Le sénateur démocrate américain Al Franken ne fait plus rire ses collègues: accusé de comportement déplacé par de plus en plus de femmes, ostracisé par son propre parti, l’ancien humoriste pourrait annoncer sa démission jeudi.
Beaucoup d’élues et d’élus estiment que le Congrès américain se situe à un moment-charnière, un point de l’histoire où chacun doit, sans la moindre ambiguïté, adopter une politique de tolérance zéro envers tout comportement déplacé, a fortiori du harcèlement ou des agressions sexuelles.
C’est ce qui a poussé, mercredi en moins de 24 heures, 32 des 48 démocrates du Sénat à appeler Al Franken, 66 ans, à la démission. Un mouvement lancé par un groupe de sénatrices, et qui a gagné entre le matin et le soir le soutien du reste des membres de l’opposition.
La goutte d’eau a été la publication par Politico, le matin, du nouveau témoignage d’une femme – une septième – qui affirme qu’Al Franken, en 2006, avant son élection au Sénat, a tenté de l’embrasser de force après une émission de radio; contrairement aux précédentes, le sénateur a nié cette accusation.
Al Franken s’exprimera jeudi à 11 heures 45 depuis l’hémicycle du Sénat à Washington. Selon son ami l’élu Keith Ellison, ainsi que la radio locale du Minnesota MPR, il devrait annoncer sa démission.
Le Congrès a longtemps été une institution machiste. Aujourd’hui, les femmes ne représentent que 20% des membres du Congrès. Mais il y 20 ans, elles n’étaient que 12%; il y a trente ans, 5%.
« Ça suffit », a expliqué la sénatrice Kirsten Gillibrand. « Le pays a besoin de cette conversation. C’est une erreur de faire la différence entre agression sexuelle, harcèlement sexuel ou geste déplacé. Il faut tracer une ligne rouge, et dire qu’aucun de ces comportements n’est acceptable ».
« Et nous, les élus, devons être irréprochables », a-t-elle martelé.

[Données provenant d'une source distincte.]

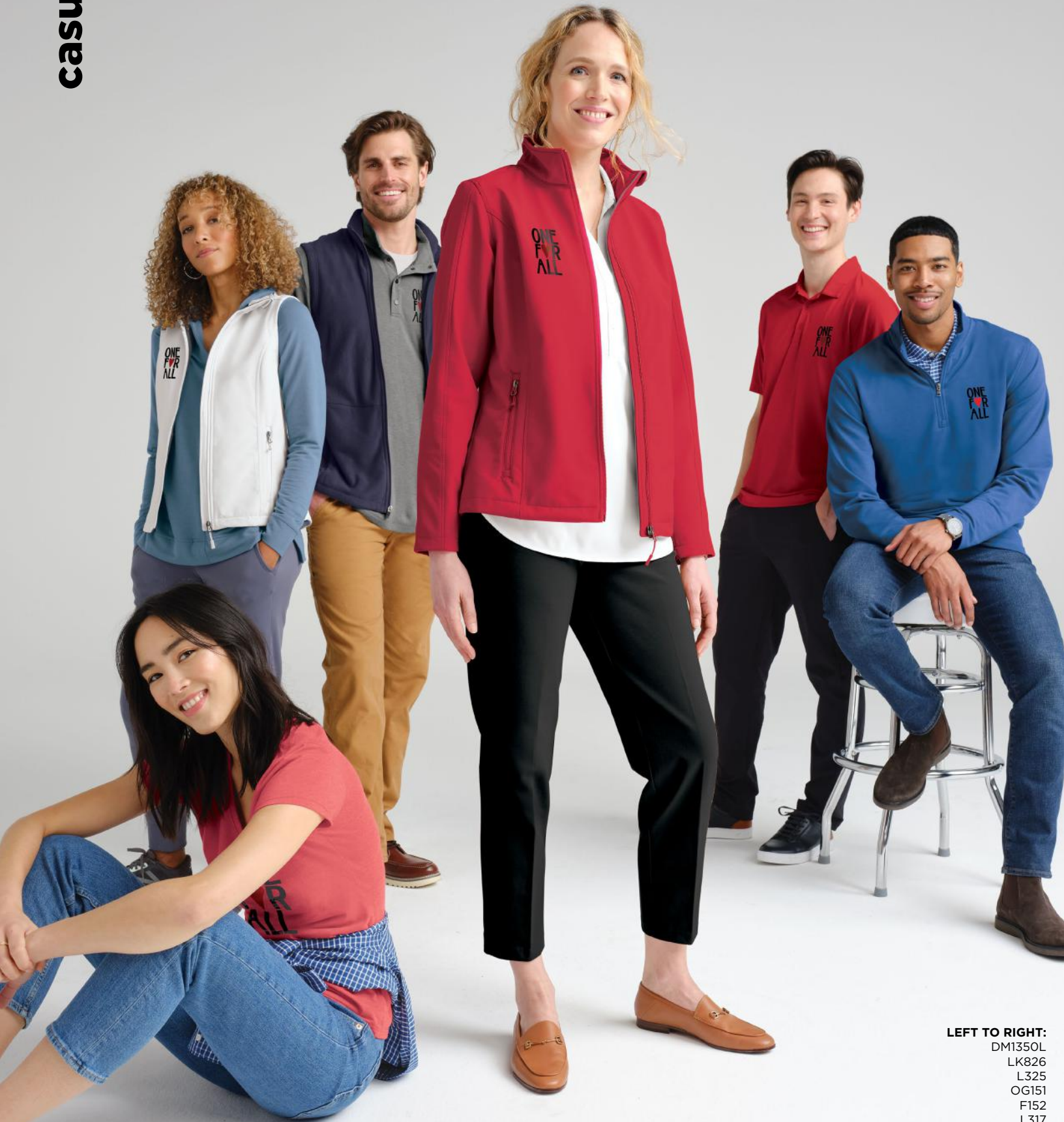
LEFT TO RIGHT: DM1350L LK826 L325 OG151 F152 L317 LW680 883681 K825 W680

« Le sommet de l’iceberg »
Avant d’être élu au Sénat en 2008, Al Franken fut l’une des stars de l’émission culte Saturday Night Live dans les années 1970 et 1980, avant de continuer une carrière d’humoriste, de scénariste et d’animateur radio. C’est dans ces habits de pitre qu’en 2006 il a tenté d’embrasser de force l’une de ses partenaires sur scène, lors d’une tournée auprès des troupes américaines à l’étranger. Mais c’est en tant que sénateur qu’il a été accusé de gestes déplacés sur plusieurs femmes, pendant des photos.

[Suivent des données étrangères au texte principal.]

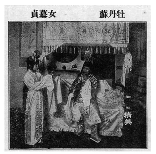
Figure 6 Figure 7
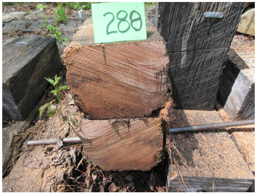
A62 - Tie #288 (Envirosafe/red oak) with decay on bottom & side faces.
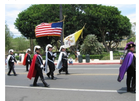
The Color Corps start their march down State Street at the Carry Sword position.
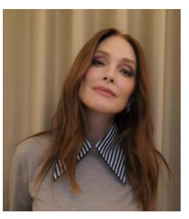
The Redheads are above & below the Brunettes! Remember, this is to give you an idea of type -please stay within the ethnicity of the requested submission instructions, thank you CSA CD SW

Al Franken n’a pas nié la plupart des faits qui lui sont reprochés.
Il a multiplié les actes de contrition depuis les premières accusations, il y a trois semaines. Il a accepté de coopérer avec l’enquête lancée par la commission éthique du Sénat, censée traiter ce type d’affaires et recommander des sanctions pouvant aller de la réprimande à l’exclusion.
Finalement, ses collègues n’ont pas voulu attendre les conclusions de cette procédure.
Un procès en place publique, expéditif et inéquitable ? Non, répond l’élue démocrate de la Chambre Jackie Speier. « Il a démontré un comportement absolument inacceptable, et on sait que 70% des victimes de harcèlement sexuel ne le rapportent pas car elles ont peur de perdre leur travail. Donc ce n’est probablement que le sommet de l’iceberg », a-t-elle dit jeudi sur MSNBC.
Cette parlementaire se bat pour réformer le système interne au Congrès qui, selon elle, dissuade les victimes de harcèlement de porter plainte au lieu de les protéger contre des représailles. Par exemple, dit-elle, les règles actuelles imposent à la victime de passer par des semaines de conseil juridique et de médiation avant de pouvoir déposer plainte.
Mais certains, comme l’ancien président républicain de la Chambre Newt Gingrich, s’inquiètent d’une telle précipitation.
« Franken, 1 053 205 électeurs du Minnesota l’ont élu au Sénat en 2014, et 30 sénateurs autoproclamés ‘purs’ veulent le pousser dehors. Qu’est devenu le suffrage universel ? » a-t-il écrit sur Twitter.
Un autre élu démocrate du Congrès, le doyen de la Chambre John Conyers, a démissionné mardi, à 88 ans. Contrairement à Al Franken, il était accusé de harcèlement sexuel répété sur des collaboratrices.
Certains démocrates demandent aux républicains d’appliquer la même sévérité en leur sein, notamment contre Roy Moore, un ancien magistrat accusé d’attouchements sur des mineures dans les années 1970 et qui sera peut-être élu sénateur mardi prochain dans l’Alabama.